А параллельно существовал блатной мир, влияние которого, надо сказать, было меньше в Магадане, куда я переехал в 1947 году, когда мама (Евгения Гинзбург, автор знаменитых лагерных мемуаров «Крутой маршрут». – Прим. А.С.) после 10-летнего заключения вышла из лагеря и вынуждена была там жить ссыльной. Это был самый центр «Дальстроя». Вокруг множество зон. Поэтому милиция и чекисты поддерживали в городе жесткую дисциплину.
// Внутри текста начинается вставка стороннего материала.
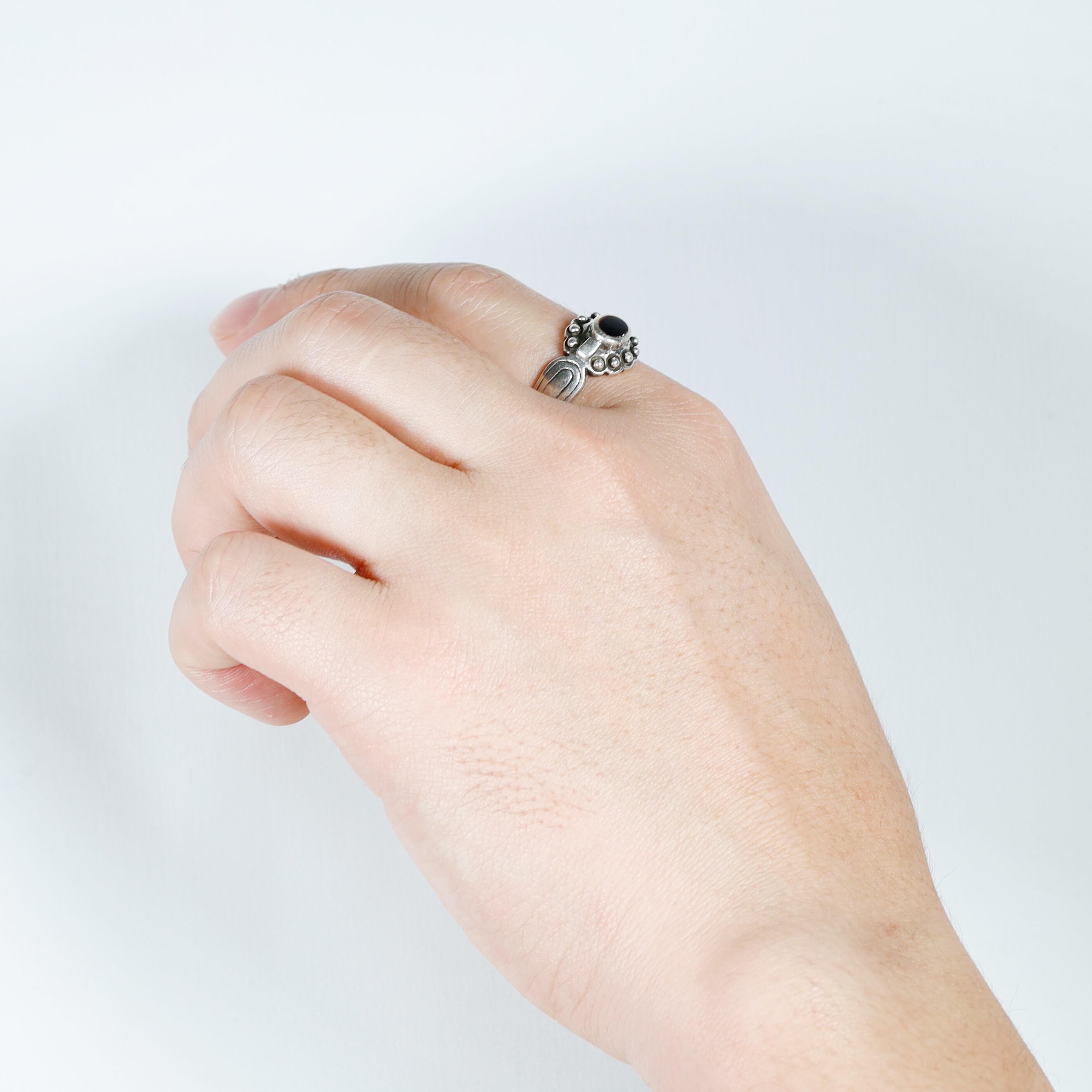 シンプルながらも装飾で差をつけたオニキスのリング
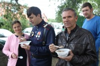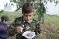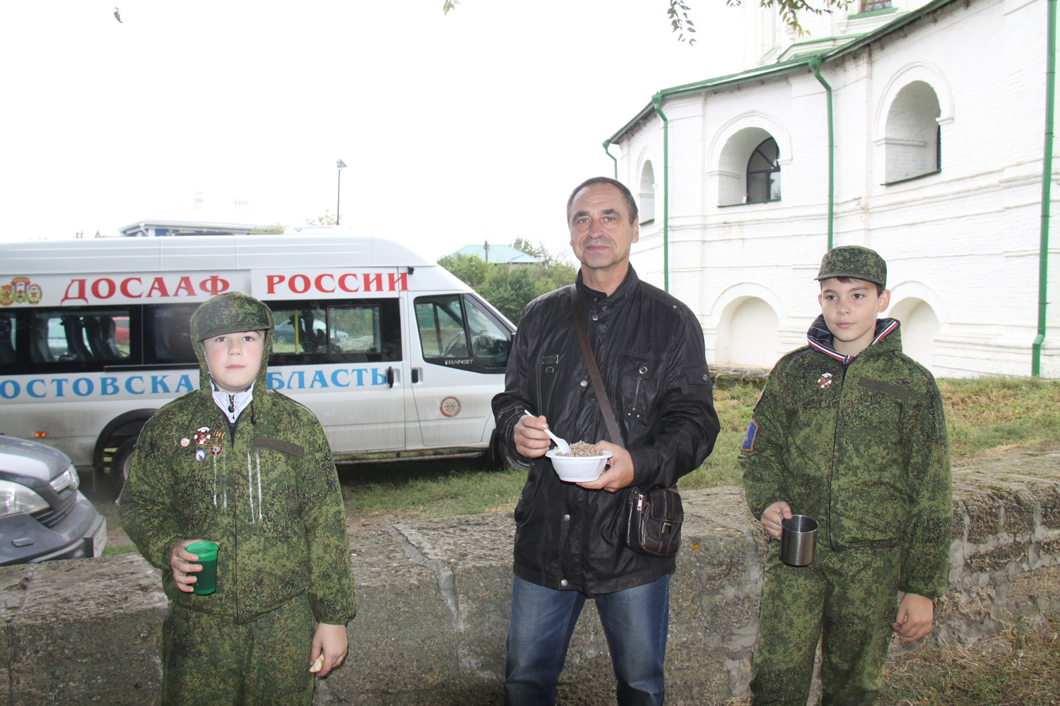 После окончания службы дети и все желающие попробовали настоящей солдатской каши, приготовленной на костре и попили чая из самовара. Почетным гостем у юных защитников Отечества был Герой Российской Федерации Генерал-полковник Булгаков Владимир Васильевич. Он поблагодарил детей и их наставников за успехи в начальной военной подготовке к службе в Российской Армии. Также в этот день в станице состоялось закрытие Фестиваля народной казачьей песни. Дети и взрослые с удовольствием послушали выступление творческих коллективов.
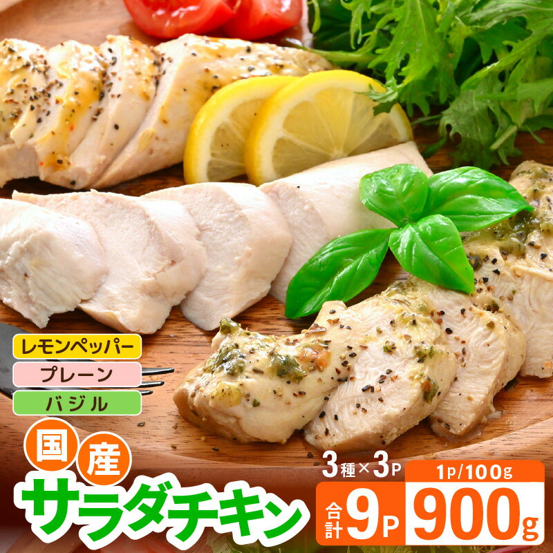 【ふるさと納税】国産若鶏 むね肉 ヘルシーサラダチキン 3種セット 100g × 各3パック(合計900g) プレーン味 / バジル味 / レモンペッパー味 【国産 若鳥 鶏肉 鶏 鳥肉 ムネ肉 サラダ チキン 小分け パック おかず 低カロリー ヘルシー ダイエット 加工品 冷凍】

– Какие-то случаи из жизни вам потом пригодились для прозы?
– В романе «Московская сага» я описал реальный эпизод: бунт огромного карантинного лагеря, расположенного в четырех километрах от Магадана. Заключенных туда конвоировали из порта. Недалеко от дома, где я жил, был санпропускник, и они долго сидели на корточках в ожидании своей очереди. Продезинфицировав, их гнали за город. На этой «пересылке» зэки старались задержаться подольше, ведь оттуда их рассылали по каким-то жутким шахтам. Когда в лагере вспыхнул бунт, зэки ринулись на город. И Магадану тогда не поздоровилось бы. Но у бунтовщиков не было возможности для маневра: вокруг сопки и только одна дорога – Колымское шоссе. Его перекрыла рота автоматчиков и буквально изрешетила пулями нападавших. Немногие оставшиеся в живых зэки прибежали обратно в лагерь и легли в койки. «Ничего не знаю, гражданин начальник, я спал», – так неуклюже они пытались себя спасти. Эту историю мне, девятикласснику, рассказал мой отчим, который был в том лагере врачом.
– А случилась ли в вашей юности сильная любовь, следы которой критики могли бы найти в женских образах вашей прозы?
– Не ищите. Хотя увлечения случались, но в сексуальном отношении мы были чудовищно безграмотными и очень инертными: девочки – фригидными, мальчики – неловкими. В отличие от современных подростков, спешащих все поскорее испытать. Но это уже другая крайность. Робкие поцелуи персонажей кинофильмов вызывали тогда невероятное возбуждение. Помню, мы с боем прорвались на какой-то трофейный фильм, где звезда третьего рейха Марика Рок, очень красивая блондинка, мылась в большой бочке, а потом выскакивала оттуда совершенно голая. Зрительный зал пришел в такой экстаз, который не удавалось вызвать даже картине «Взятие Берлина». К сожалению, вскоре местная цензура этот эпизод вырезала, но на черном рынке появились его размноженные кадры.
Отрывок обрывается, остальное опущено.